* _Problem description_: In the records below, find the line that contains "6' x 4' Tri-Fold" and the line that contains "Pünktlich um 19.30". Set down exactly those lines and every line between them, and nothing more.

* _Listed records_:
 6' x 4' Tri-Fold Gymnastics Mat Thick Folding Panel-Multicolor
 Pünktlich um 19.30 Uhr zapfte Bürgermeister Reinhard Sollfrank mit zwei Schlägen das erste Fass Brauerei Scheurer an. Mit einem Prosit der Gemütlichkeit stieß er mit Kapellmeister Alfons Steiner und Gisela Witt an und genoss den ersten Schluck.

* * *

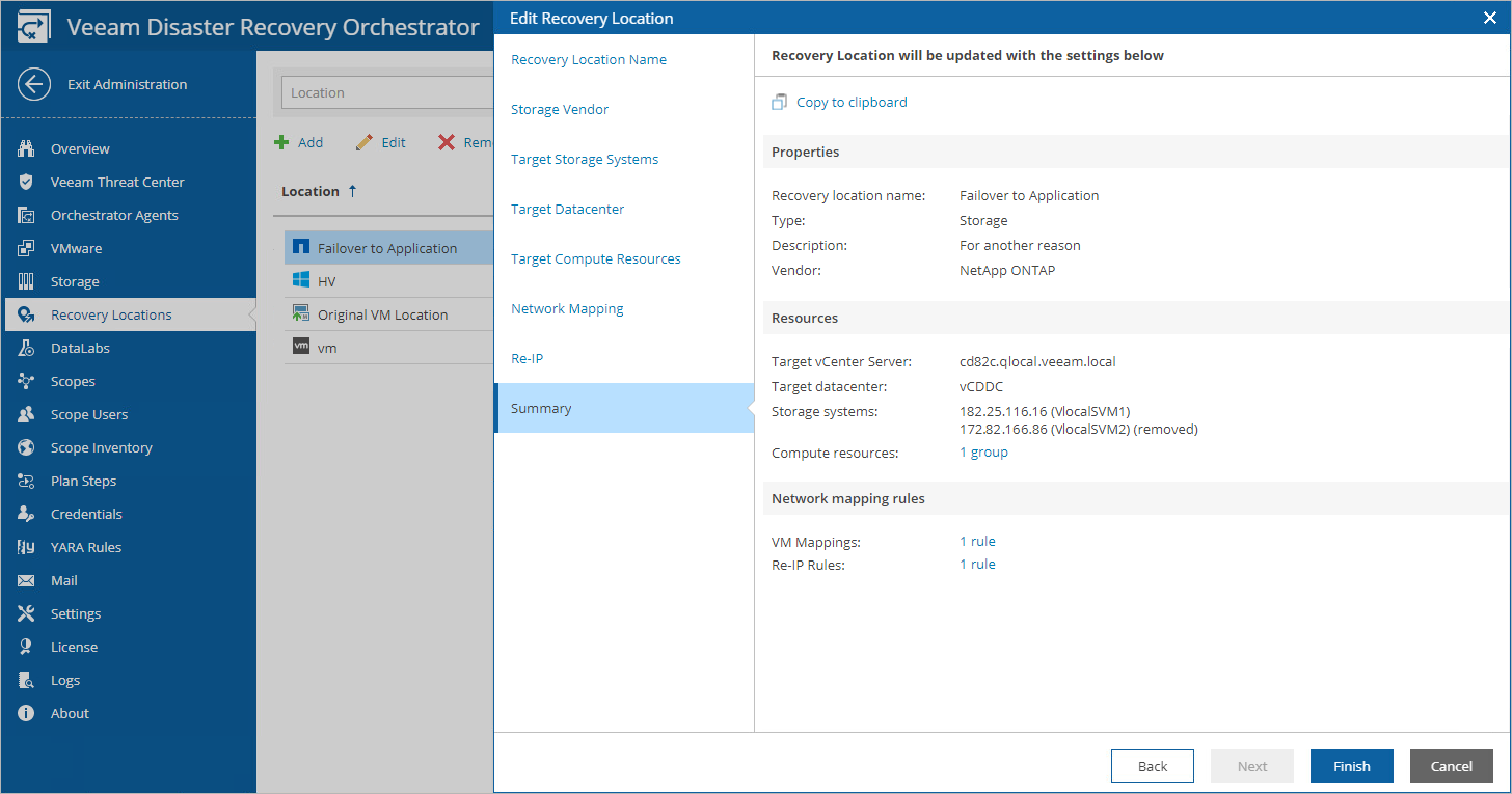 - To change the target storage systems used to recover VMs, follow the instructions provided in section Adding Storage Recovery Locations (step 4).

--

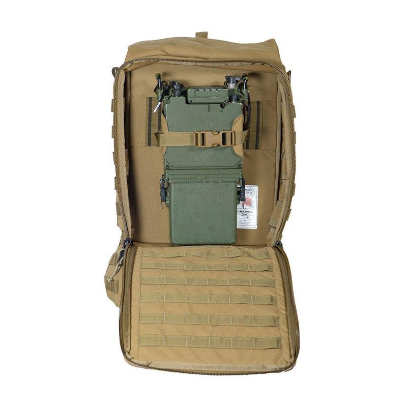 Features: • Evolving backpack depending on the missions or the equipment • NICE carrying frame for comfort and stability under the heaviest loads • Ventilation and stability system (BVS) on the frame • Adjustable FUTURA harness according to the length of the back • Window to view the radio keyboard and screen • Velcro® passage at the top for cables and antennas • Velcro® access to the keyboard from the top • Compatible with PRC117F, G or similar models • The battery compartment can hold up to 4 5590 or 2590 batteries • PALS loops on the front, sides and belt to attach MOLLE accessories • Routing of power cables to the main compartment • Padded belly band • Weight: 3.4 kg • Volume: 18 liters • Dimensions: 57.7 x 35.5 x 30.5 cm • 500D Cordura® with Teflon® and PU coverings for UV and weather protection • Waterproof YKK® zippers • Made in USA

* _Answer for the task_:
 6' x 4' Tri-Fold Gymnastics Mat Thick Folding Panel-Multicolor
 Pünktlich um 19.30 Uhr zapfte Bürgermeister Reinhard Sollfrank mit zwei Schlägen das erste Fass Brauerei Scheurer an. Mit einem Prosit der Gemütlichkeit stieß er mit Kapellmeister Alfons Steiner und Gisela Witt an und genoss den ersten Schluck.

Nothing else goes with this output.